About this exercise ->
Reproduce only this stretch of the listing below: from the line with "возрастов и пород." through the line with "More information about", exactly as written, with pictures excluded.

Source material ->
-=-=-=-=-
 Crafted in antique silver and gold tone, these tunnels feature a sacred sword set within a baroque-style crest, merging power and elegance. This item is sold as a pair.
-=-=-=-=-
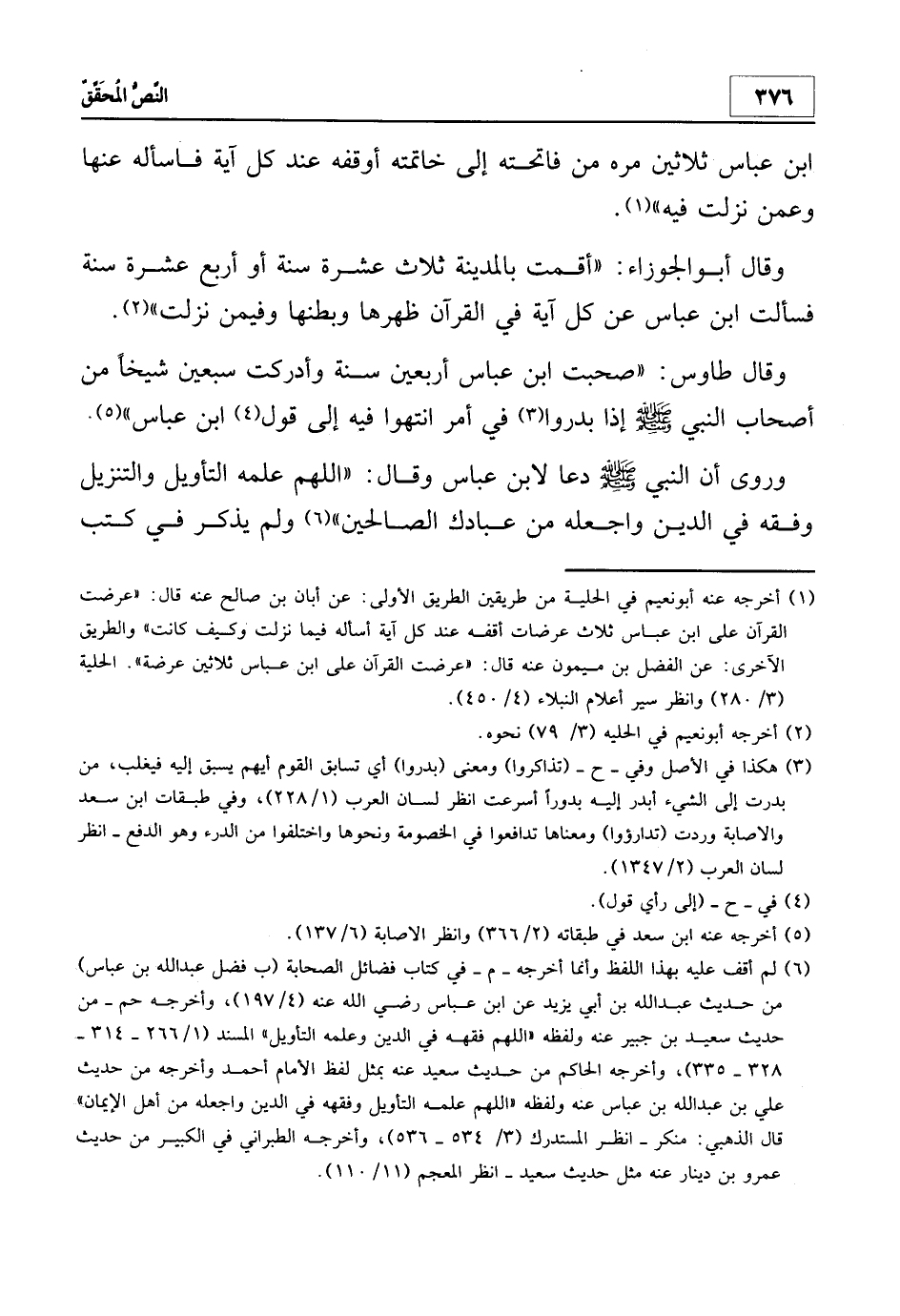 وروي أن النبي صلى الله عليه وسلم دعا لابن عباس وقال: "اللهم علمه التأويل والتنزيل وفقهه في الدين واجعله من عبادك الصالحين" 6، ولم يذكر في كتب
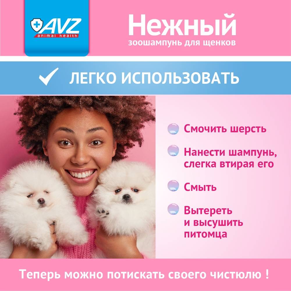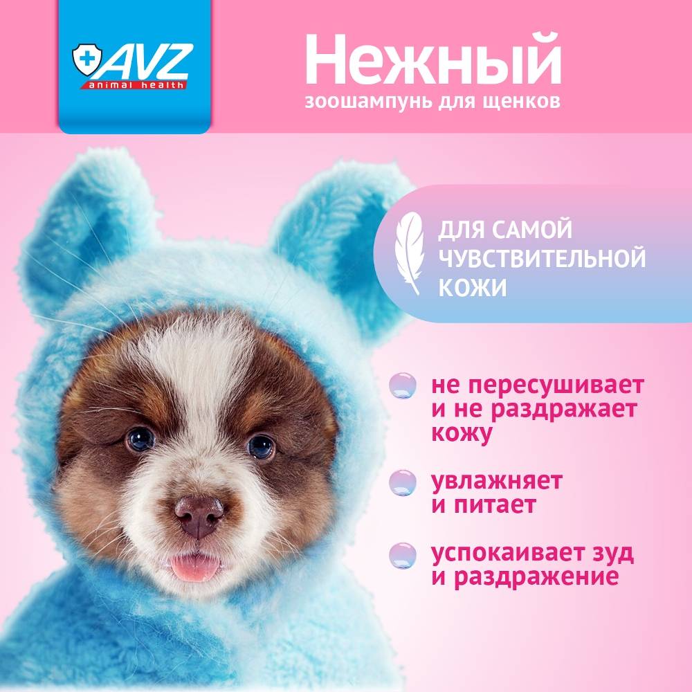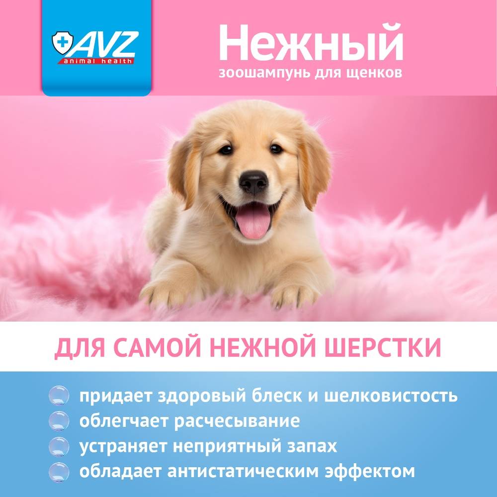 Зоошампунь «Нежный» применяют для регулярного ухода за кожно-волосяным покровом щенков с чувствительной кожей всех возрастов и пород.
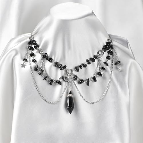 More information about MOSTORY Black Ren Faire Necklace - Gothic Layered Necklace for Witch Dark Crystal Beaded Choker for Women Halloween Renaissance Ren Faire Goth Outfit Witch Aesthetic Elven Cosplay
-=-=-=-=-
Solved exercise ->
 Зоошампунь «Нежный» применяют для регулярного ухода за кожно-волосяным покровом щенков с чувствительной кожей всех возрастов и пород.
 More information about MOSTORY Black Ren Faire Necklace - Gothic Layered Necklace for Witch Dark Crystal Beaded Choker for Women Halloween Renaissance Ren Faire Goth Outfit Witch Aesthetic Elven Cosplay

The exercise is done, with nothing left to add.